Ia berharap kegiatan-kegiatan keagamaan seperti Sannipata Nusantara dapat memberikan kontribusi nyata dalam menciptakan masyarakat yang lebih solid, harmonis, dan mampu menghadapi berbagai tantangan dengan semangat persaudaraan.
“Kita berharap dengan kegiatan spiritual seperti ini akan lahir kondisi sosial yang semakin kuat, penuh kebersamaan, serta mampu mengantisipasi tantangan-tantangan global yang saat ini tidak sedang baik-baik saja. Kehadiran umat Buddha dalam kegiatan bersejarah ini menjadi bagian penting dalam menjaga persatuan Indonesia,” katanya.
Sementara itu, Direktur Jenderal Bimbingan Masyarakat Buddha Kementerian Agama, Supriyadi, mengatakan bahwa Sannipata Nusantara 2026 merupakan puncak dari berbagai kegiatan Vesakha Sananda 2570 B.E. yang telah berlangsung sejak 1 Mei hingga 17 Juni 2026.
Beragam kegiatan telah dilaksanakan, mulai dari pendalaman Dhamma, donor darah, pengobatan gratis, gerakan pelestarian lingkungan, bakti sosial, hingga Hening Nusantara Serentak Seluruh Indonesia. Seluruh rangkaian tersebut dirancang untuk memperkuat spiritualitas, kepedulian sosial, pelestarian lingkungan, serta penguatan nilai-nilai kebangsaan.
“Harapan kami, dengan terus bertemu dan membicarakan hal-hal baik, maka yang dihasilkan juga kebaikan. Ketika semua hadir dengan pikiran baik dan berbicara dengan baik, keputusan yang dihasilkan pun akan membawa manfaat bagi bangsa, negara, dan dunia,” ujar Supriyadi.
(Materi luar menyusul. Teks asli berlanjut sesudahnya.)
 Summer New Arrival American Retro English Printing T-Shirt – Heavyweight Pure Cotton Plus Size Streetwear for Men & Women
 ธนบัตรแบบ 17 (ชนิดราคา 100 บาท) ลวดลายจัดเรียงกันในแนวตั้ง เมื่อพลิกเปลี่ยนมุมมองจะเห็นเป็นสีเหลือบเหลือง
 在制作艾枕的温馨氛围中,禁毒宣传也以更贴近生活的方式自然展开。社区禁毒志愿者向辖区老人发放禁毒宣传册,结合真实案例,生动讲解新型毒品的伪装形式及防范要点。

Ia menambahkan bahwa Sannipata Nusantara menjadi wadah bagi umat Buddha Indonesia untuk mengaktualisasikan nilai-nilai Dharma dalam kehidupan sehari-hari sekaligus memperkuat kontribusi nyata bagi masyarakat.
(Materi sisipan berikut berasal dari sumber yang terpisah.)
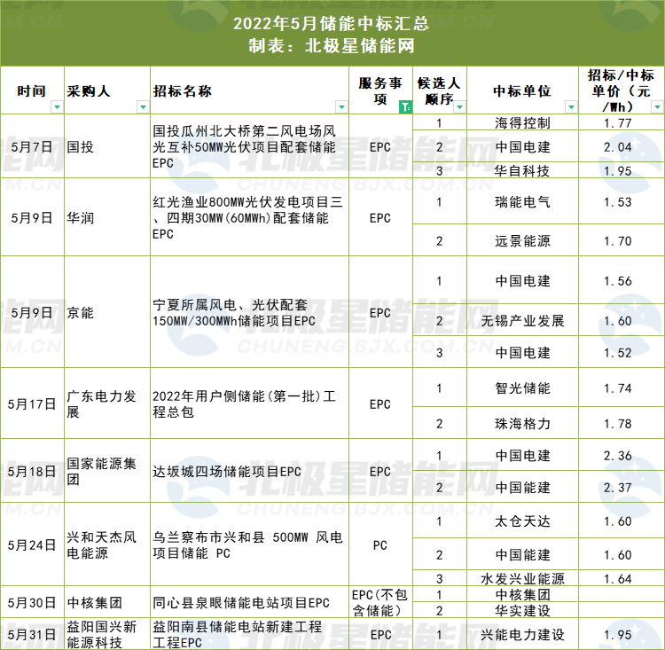 最低報價為中國電建集團江西省水電工程局有限公司的1.52元/Wh,參與的項目是北京京能清潔能源西北分公司發(fā)布的寧夏風電光伏配套150MW/300MWh儲能項目EPC工程。

Melalui semangat Dharma Menjaga Perdamaian Dunia, Sannipata Nusantara 2026 diharapkan semakin memperkokoh persaudaraan antarumat beragama, memperkuat kolaborasi lintas lembaga, serta meneguhkan peran umat Buddha Indonesia dalam menjaga kerukunan, perdamaian, dan persatuan bangsa.